Docelowo każdy ród otrzyma indywidualne i statystyki cechy (przed obroną nie zdążyłem tego dopracować). Gracz ma zupełną dowolność jeśli chodzi o wybór ścieżki do zwycięstwa. Na początku rozgrywki wszyscy otrzymują losową kartę „zaangażowania politycznego”, która wyznacza pewne cele, choć wcale nie trzeba ich realizować (ale wtedy nie ma za nie punktów zwycięstwa). Gracz może inwestować w zdobywanie urzędów senatorskich albo prowadzić intensywną politykę wewnętrzną czy zagraniczną.
Zygmunt August (ZA) ma edukacyjny charakter, nie trzeba w ogóle znać historii, aby zasiąść do partii, ale można ją poznać grając. Gra jest bardzo mocno osadzona w realiach XVI wieku. Posiada między innymi takie elementy edukacyjne, jak postacie historyczne czy autentyczne wydarzenia historyczne, a zasady zostały skonstruowane tak, aby w miarę możliwości uczyły relacji i odwzorowywały pewne schematy panujące w Polsce szlacheckiej.
Długo zajęło Ci przygotowanie gry? Pracowałeś samemu nad wszystkim? Nie było problemu z testerami przy tak długiej rozgrywce?

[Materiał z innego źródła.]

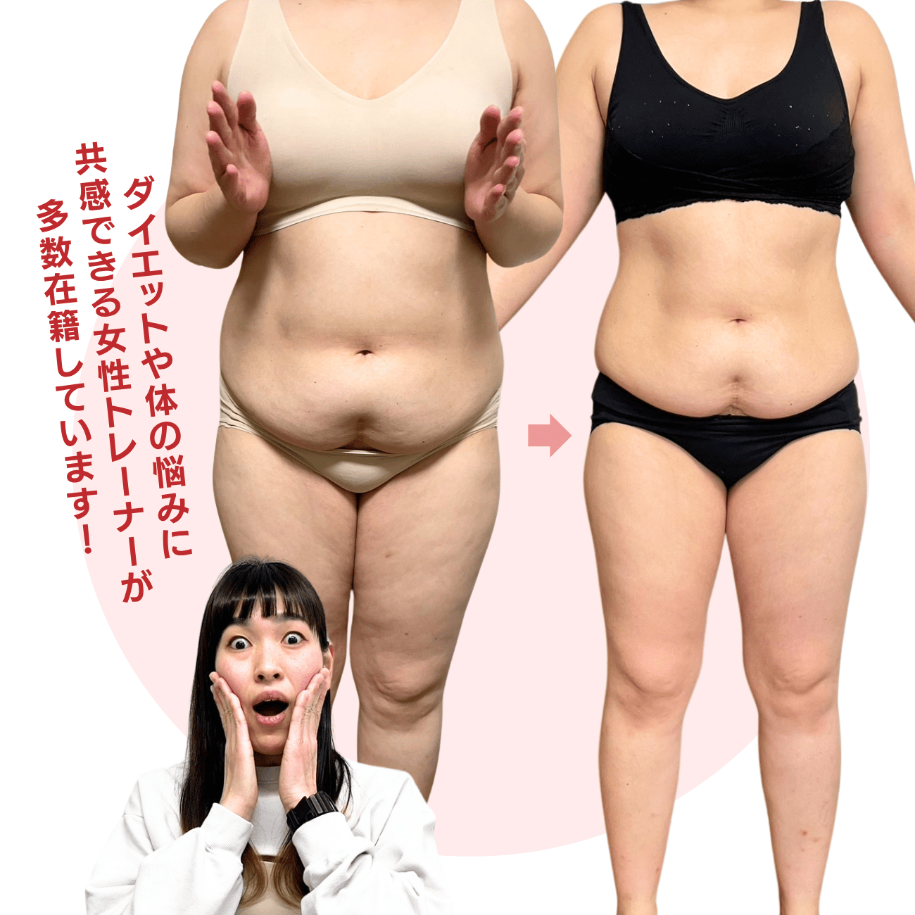 トレーニングや食事管理だけでなく、女性の心のケアも大切にしたサポートを行っています。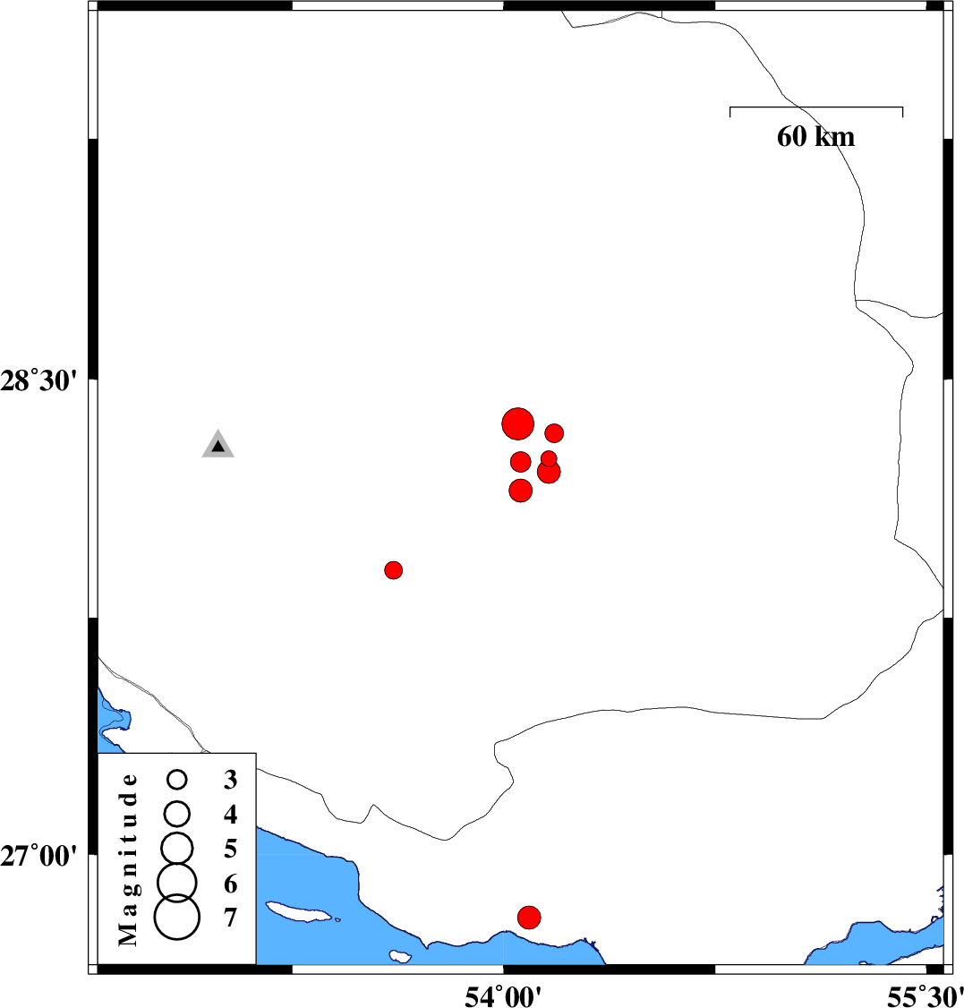| 2008/05/06 | 05:26:21.3 | 09:56:21.3 | 28.33 | 54.18 | 14 | ML:2.9 | 58 km South-West of Darab, Fars Province | ||

Od powstania pomysłu, po jego zakończenie i wydrukowanie, minęło ponad półtora roku. Jednak intensywne prace nad samą grą trwały znacznie krócej, bo ok. 6 miesięcy. W między czasie projektowałem Lubelski lipiec 1980 oraz zbierałem materiały do części teoretycznej. Obecnie w ZA nie wszystko działa i wygląda tak jak powinno, dlatego obrona magisterki i zakończenie studiów to nie koniec prac nad tą grą. Potrzebuję jeszcze co najmniej drugich 6 miesięcy, aby wszystko było dopracowane.
Większość pomysłów opracowywałem sam, choć wiele osób pomagało mi przy tworzeniu ZA i podsuwało swoje rozwiązania. Najwięcej czasu poświęciła mi narzeczona, która uczestniczyła w większości testów i zazwyczaj była moim pierwszym słuchaczem. Pod względem merytorycznym najwięcej pomógł mi Adam Kwapiński, przede wszystkim w mechanice i balansowaniu gry, ale także w przygotowywaniu prototypu.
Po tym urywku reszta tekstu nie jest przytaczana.